RUTH, THE TRUTH, AND A SLEUTH

Actress Ruth Wilson is well known in her native UK, and is slowly gaining acclaim here in the U.S. (check out her work as the psychotic enemy of Idris Elba in the hard-hitting detective-drama, Luther). So when she approached BBC to produce a project close to her heart, they evidently agreed forthwith.

Based on true events, Mrs. Wilson begins in 1963, when a loving wife’s husband — twenty years her senior and father to her two boys — dies at home. Grieving, Alison Wilson (Ruth Wilson) is not ready for the discoveries thrust upon her in the next year. She and her deceased husband, the fatally charming and sexy Alexander (Iain Glen), had met during WWII, when both were working for British Intelligence — she as a translator, he as a spy. But he lived with serious emotional problems that he kept close to his vest, so his newly-widowed wife is not prepared for the extent of his treachery.

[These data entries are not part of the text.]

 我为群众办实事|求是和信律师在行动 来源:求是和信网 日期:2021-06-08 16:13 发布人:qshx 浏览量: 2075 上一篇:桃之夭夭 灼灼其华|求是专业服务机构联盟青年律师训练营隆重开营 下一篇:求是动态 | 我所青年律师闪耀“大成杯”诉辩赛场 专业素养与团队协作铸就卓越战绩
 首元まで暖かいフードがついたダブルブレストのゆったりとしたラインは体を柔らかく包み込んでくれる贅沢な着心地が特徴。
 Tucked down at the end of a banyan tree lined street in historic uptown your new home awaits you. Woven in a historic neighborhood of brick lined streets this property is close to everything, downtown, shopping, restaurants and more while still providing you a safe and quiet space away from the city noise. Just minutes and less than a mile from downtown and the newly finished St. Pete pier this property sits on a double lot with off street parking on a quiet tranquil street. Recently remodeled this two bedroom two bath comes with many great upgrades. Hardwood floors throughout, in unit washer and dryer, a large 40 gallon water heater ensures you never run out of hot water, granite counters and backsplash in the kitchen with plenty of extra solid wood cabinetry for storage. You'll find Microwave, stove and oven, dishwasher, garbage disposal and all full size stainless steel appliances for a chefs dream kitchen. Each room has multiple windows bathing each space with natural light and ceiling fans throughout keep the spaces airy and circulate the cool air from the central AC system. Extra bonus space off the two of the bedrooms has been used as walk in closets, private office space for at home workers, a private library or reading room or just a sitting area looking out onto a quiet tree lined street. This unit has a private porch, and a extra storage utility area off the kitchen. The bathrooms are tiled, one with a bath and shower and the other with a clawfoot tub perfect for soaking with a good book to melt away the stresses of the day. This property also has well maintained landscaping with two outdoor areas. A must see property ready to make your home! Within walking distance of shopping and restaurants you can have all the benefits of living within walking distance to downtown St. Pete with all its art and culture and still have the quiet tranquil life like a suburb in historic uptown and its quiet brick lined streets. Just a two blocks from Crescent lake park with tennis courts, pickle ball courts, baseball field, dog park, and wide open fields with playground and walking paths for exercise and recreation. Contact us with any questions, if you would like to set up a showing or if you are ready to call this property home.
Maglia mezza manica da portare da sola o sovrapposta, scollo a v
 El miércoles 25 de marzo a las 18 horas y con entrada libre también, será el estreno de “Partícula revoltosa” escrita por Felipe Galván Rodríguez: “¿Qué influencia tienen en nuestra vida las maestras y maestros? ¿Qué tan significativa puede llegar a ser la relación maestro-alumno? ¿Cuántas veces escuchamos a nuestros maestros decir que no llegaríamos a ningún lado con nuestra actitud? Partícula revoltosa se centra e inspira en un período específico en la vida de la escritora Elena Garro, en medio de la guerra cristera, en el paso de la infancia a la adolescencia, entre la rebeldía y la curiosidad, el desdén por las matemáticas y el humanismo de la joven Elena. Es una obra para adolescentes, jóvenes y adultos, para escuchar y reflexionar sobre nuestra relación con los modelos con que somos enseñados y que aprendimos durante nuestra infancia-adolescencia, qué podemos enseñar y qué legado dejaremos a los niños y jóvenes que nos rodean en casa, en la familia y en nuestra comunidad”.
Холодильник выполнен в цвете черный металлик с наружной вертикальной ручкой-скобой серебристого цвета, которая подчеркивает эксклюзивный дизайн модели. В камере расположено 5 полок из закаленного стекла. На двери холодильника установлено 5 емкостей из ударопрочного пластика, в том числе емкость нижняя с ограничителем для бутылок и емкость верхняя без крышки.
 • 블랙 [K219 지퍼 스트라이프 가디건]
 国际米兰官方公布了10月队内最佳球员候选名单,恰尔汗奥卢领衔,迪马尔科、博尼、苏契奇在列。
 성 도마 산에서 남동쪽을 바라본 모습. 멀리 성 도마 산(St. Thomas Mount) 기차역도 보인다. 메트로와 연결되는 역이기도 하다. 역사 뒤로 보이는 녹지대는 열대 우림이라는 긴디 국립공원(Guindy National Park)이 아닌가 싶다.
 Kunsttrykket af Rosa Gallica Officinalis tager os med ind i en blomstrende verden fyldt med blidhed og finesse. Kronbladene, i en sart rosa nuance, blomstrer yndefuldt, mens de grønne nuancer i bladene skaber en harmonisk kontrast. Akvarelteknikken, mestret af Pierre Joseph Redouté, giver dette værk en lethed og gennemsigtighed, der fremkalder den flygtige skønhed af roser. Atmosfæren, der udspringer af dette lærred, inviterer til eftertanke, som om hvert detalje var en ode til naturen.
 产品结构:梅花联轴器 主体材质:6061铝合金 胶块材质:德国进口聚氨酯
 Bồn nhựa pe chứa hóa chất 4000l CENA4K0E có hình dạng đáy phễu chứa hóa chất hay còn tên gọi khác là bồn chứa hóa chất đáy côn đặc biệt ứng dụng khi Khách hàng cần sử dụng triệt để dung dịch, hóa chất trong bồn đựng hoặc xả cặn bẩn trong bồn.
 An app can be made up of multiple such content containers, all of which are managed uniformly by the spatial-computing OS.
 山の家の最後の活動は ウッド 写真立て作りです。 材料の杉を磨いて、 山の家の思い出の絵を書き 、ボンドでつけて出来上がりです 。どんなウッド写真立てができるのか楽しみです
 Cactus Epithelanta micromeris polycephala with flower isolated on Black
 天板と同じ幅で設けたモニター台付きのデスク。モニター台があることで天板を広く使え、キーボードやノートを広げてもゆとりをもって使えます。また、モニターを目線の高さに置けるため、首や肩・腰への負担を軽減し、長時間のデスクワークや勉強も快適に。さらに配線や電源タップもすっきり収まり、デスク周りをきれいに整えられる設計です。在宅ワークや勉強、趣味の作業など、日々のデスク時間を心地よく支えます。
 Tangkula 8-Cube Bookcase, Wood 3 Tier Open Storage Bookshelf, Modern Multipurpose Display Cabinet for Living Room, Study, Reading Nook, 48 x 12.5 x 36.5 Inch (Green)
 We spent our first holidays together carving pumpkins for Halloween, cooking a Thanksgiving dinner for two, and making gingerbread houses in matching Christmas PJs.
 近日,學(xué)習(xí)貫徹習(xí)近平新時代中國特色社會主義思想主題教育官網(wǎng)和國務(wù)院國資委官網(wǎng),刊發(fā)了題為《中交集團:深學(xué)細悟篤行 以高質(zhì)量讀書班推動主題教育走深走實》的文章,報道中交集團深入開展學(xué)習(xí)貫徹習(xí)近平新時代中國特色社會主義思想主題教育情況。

His superiors understood his faults that undercut his superb spying abilities, and Alexander invented realistic rationales for his often illegal activities, which Alison and his sons accepted at face value. It was in his novels that he managed a legacy of sorts. But the damage to his family (actually families, as we discover right at the top) is note-worthy.

The three-parter is particularly well-written (Tim Crook and Anna Symon, based on the memoir of Alison Wilson), and smoothly directed (Richard Laxton), making the time-jumping between wartime and post-war very much alive.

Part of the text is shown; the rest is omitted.